ROCKVILLE, MarylandThe Food and Drug Administration (FDA) has granted
accelerated approval to Iressa tablets (gefitinib, AstraZeneca) as
monotherapy for the treatment of advanced non-small-cell lung cancer (NSCLC)
in patients whose disease has progressed despite treatment with
platinum-based and docetaxel (Taxotere) chemotherapy.
The Oncologic Drugs Advisory Committee (ODAC) had recommended approval of
Iressa on September 24, 2002. However, the FDA delayed action on the
recommendation for 3 months to analyze new Japanese data that indicated
Iressa was associated with an unexpected and often-fatal rate of interstitial
lung disease (ILD).
As a condition of approval, Astra-Zeneca agreed to conduct three phase IV
postmarketing trials of Iressa ( see box ). Accelerated approval is
granted to drugs that have shown indications of benefit in serious or
life-threatening diseases over available therapies or, as in the case of
Iressa, in conditions for which no effective treatment exists.

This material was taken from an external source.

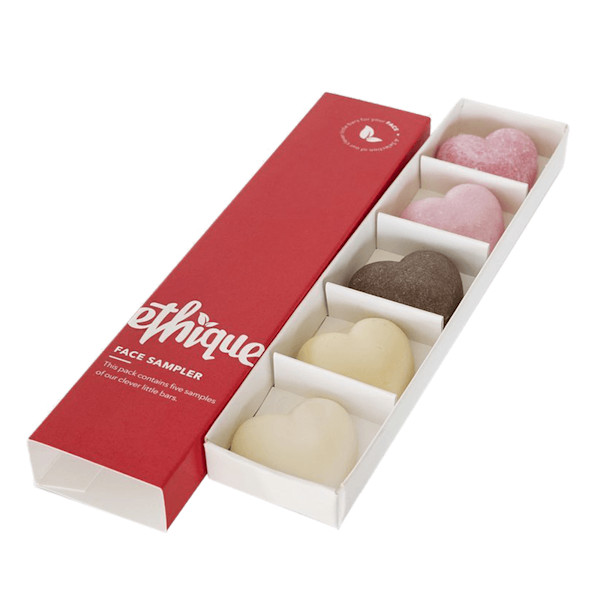 If you want to dip your toe in and try out Ethique's range of face products, the Face Sampler is for you. It contains the following five samples: Bliss Bar, The Perfector, Saving Face Serum, Gingersnap, In Your Face. Each sample weighs between 10-14g giving you ample chance to try each product. The samples come in a chocolate box style package, which is 100% compostable.

"An essential part of our accelerated approval process is the further
study of the new treatment after it is on the market," said FDA commissioner
Mark B. McClellan, MD, PhD. "In the case of Iressa, studies are needed to
confirm clinical benefit, understand better which patients benefit, and
evaluate long-term safety."
Although the drug’s mechanism of action is not fully understood, Iressa
was designed to inhibit growth stimulatory signals by blocking several
tyrosine kinases, including one associated with the epidermal growth factor
receptor. This blocking results in an inhibition of cancer cell proliferation
and an increase in apoptosis. The drug is administered as a 250-mg tablet
taken once a day.
Phase II Trial
The FDA approved Iressa on the basis of findings from a phase II trial
that studied two doses of the drug in 216 patients who had previously failed
platinum-based and docetaxel chemotherapy. In reviewing the data, ODAC
concluded that the 10% Iressa response rate in these patients was reasonably
likely to predict clinical benefit, but told the FDA that symptom improvement
could not be adequately evaluated without a randomized, blinded study.